*** Opening PROVIDED DATA ***

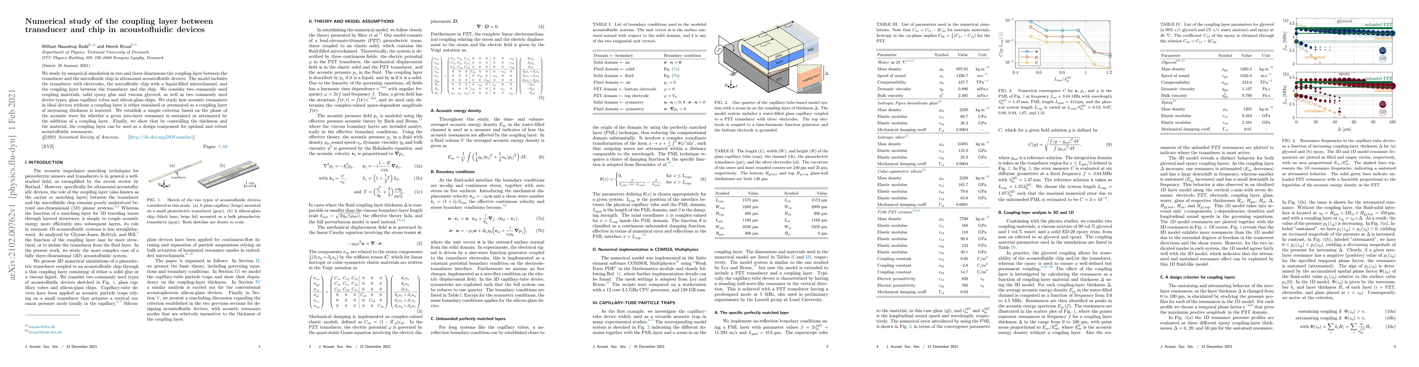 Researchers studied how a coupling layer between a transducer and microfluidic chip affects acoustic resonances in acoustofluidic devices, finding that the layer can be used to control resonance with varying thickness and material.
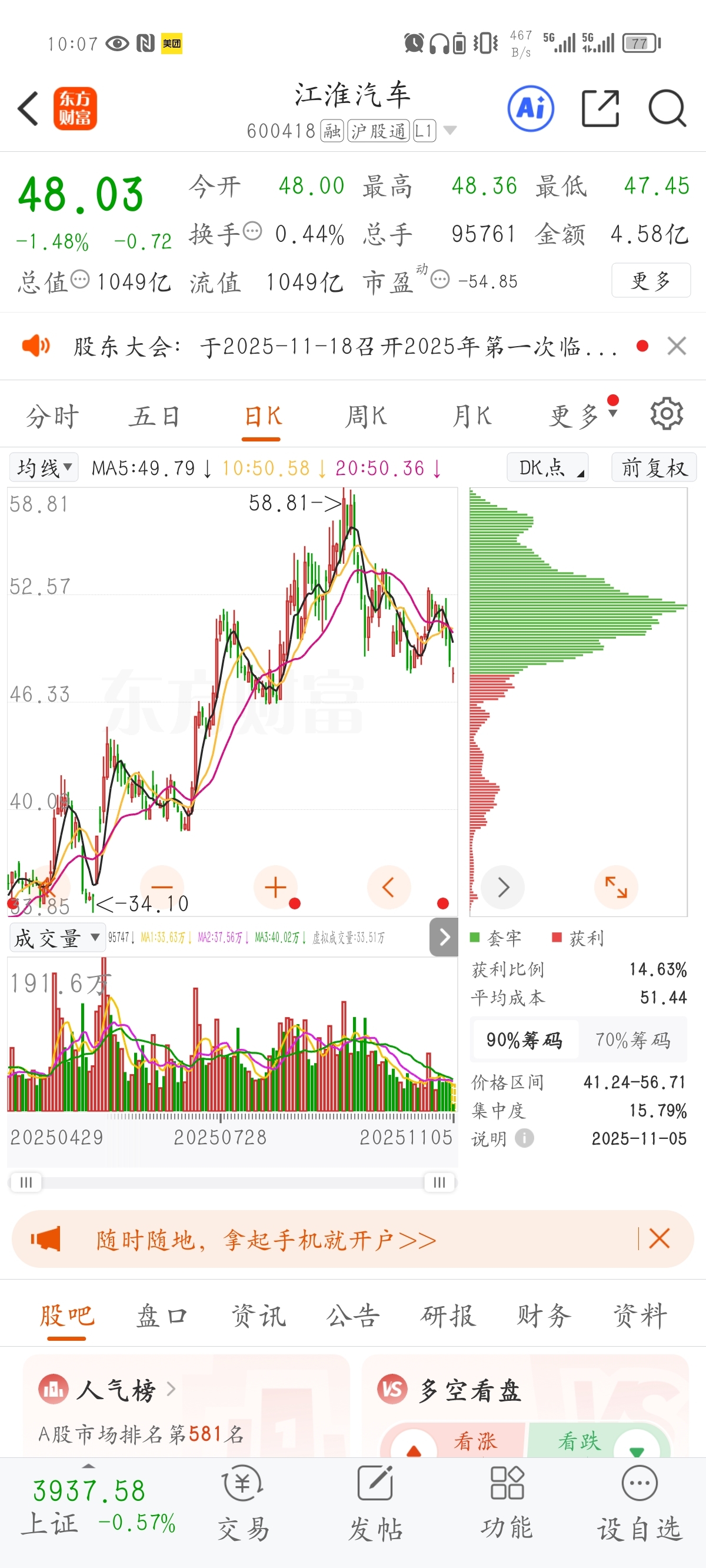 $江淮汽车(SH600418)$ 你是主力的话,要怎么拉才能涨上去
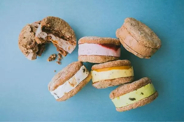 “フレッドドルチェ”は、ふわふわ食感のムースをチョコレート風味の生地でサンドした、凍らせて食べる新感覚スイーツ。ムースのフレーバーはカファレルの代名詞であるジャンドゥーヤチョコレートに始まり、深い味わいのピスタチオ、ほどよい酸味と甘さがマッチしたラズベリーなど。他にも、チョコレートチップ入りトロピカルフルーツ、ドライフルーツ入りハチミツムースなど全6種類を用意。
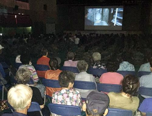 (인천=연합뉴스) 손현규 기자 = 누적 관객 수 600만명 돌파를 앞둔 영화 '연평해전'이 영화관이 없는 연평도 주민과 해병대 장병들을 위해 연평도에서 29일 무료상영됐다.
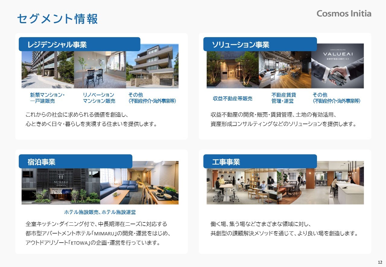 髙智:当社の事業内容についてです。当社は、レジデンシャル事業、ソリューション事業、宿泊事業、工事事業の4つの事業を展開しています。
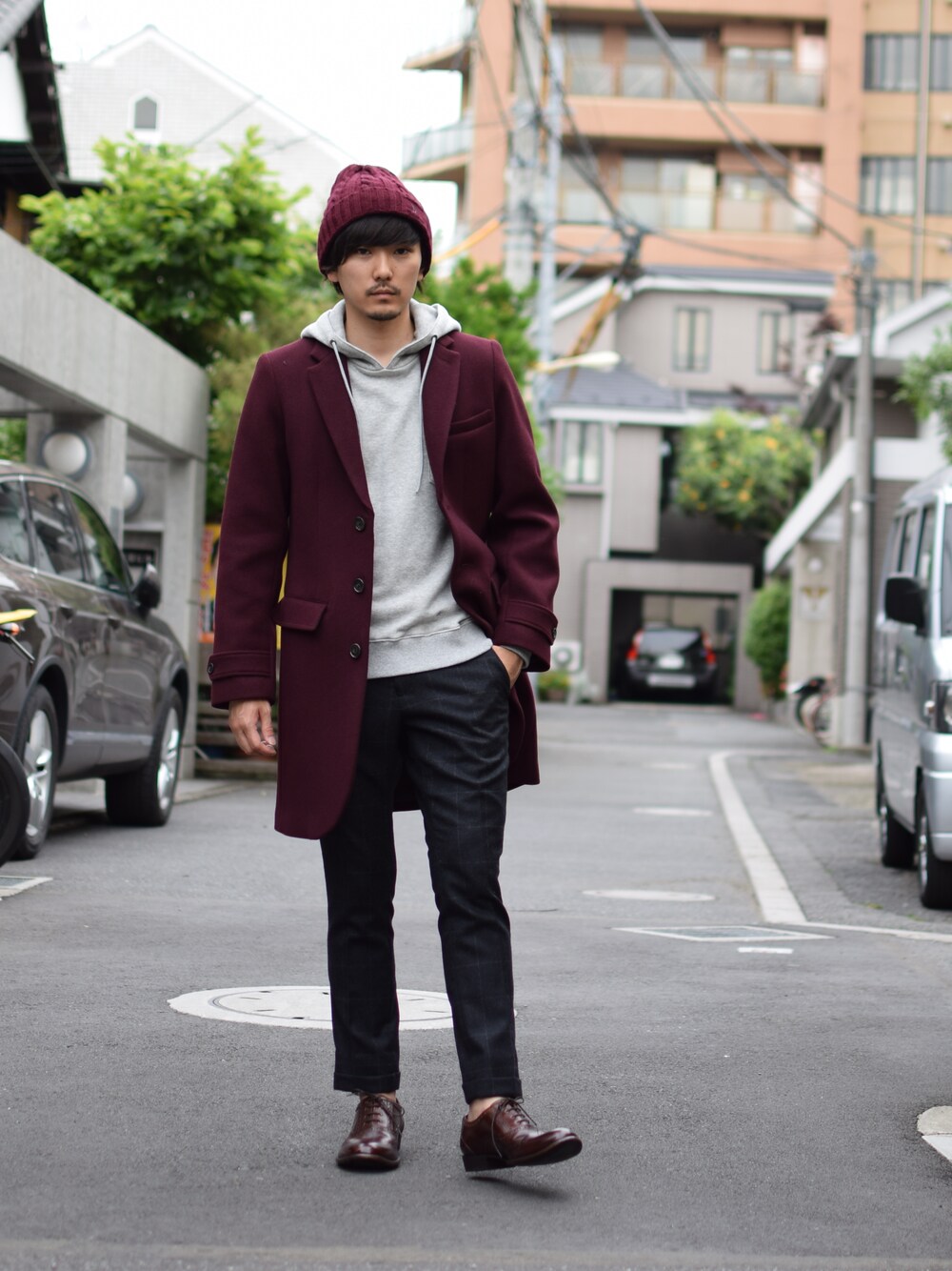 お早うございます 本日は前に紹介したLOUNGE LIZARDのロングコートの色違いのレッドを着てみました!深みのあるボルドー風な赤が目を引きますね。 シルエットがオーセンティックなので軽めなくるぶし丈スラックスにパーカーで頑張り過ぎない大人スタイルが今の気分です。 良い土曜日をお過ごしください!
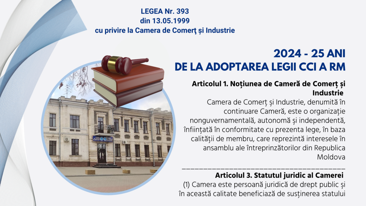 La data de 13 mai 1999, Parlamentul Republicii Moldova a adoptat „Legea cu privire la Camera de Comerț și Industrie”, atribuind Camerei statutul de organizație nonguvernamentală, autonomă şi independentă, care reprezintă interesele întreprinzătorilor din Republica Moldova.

*** Closing PROVIDED DATA ***

### YOUR OBJECTIVE
Where an image appears in the data, skip it, and return the rest verbatim.

### WRITTEN ANSWER
 Researchers studied how a coupling layer between a transducer and microfluidic chip affects acoustic resonances in acoustofluidic devices, finding that the layer can be used to control resonance with varying thickness and material.
 $江淮汽车(SH600418)$ 你是主力的话,要怎么拉才能涨上去
 “フレッドドルチェ”は、ふわふわ食感のムースをチョコレート風味の生地でサンドした、凍らせて食べる新感覚スイーツ。ムースのフレーバーはカファレルの代名詞であるジャンドゥーヤチョコレートに始まり、深い味わいのピスタチオ、ほどよい酸味と甘さがマッチしたラズベリーなど。他にも、チョコレートチップ入りトロピカルフルーツ、ドライフルーツ入りハチミツムースなど全6種類を用意。
 (인천=연합뉴스) 손현규 기자 = 누적 관객 수 600만명 돌파를 앞둔 영화 '연평해전'이 영화관이 없는 연평도 주민과 해병대 장병들을 위해 연평도에서 29일 무료상영됐다.
 髙智:当社の事業内容についてです。当社は、レジデンシャル事業、ソリューション事業、宿泊事業、工事事業の4つの事業を展開しています。
 お早うございます 本日は前に紹介したLOUNGE LIZARDのロングコートの色違いのレッドを着てみました!深みのあるボルドー風な赤が目を引きますね。 シルエットがオーセンティックなので軽めなくるぶし丈スラックスにパーカーで頑張り過ぎない大人スタイルが今の気分です。 良い土曜日をお過ごしください!
 La data de 13 mai 1999, Parlamentul Republicii Moldova a adoptat „Legea cu privire la Camera de Comerț și Industrie”, atribuind Camerei statutul de organizație nonguvernamentală, autonomă şi independentă, care reprezintă interesele întreprinzătorilor din Republica Moldova.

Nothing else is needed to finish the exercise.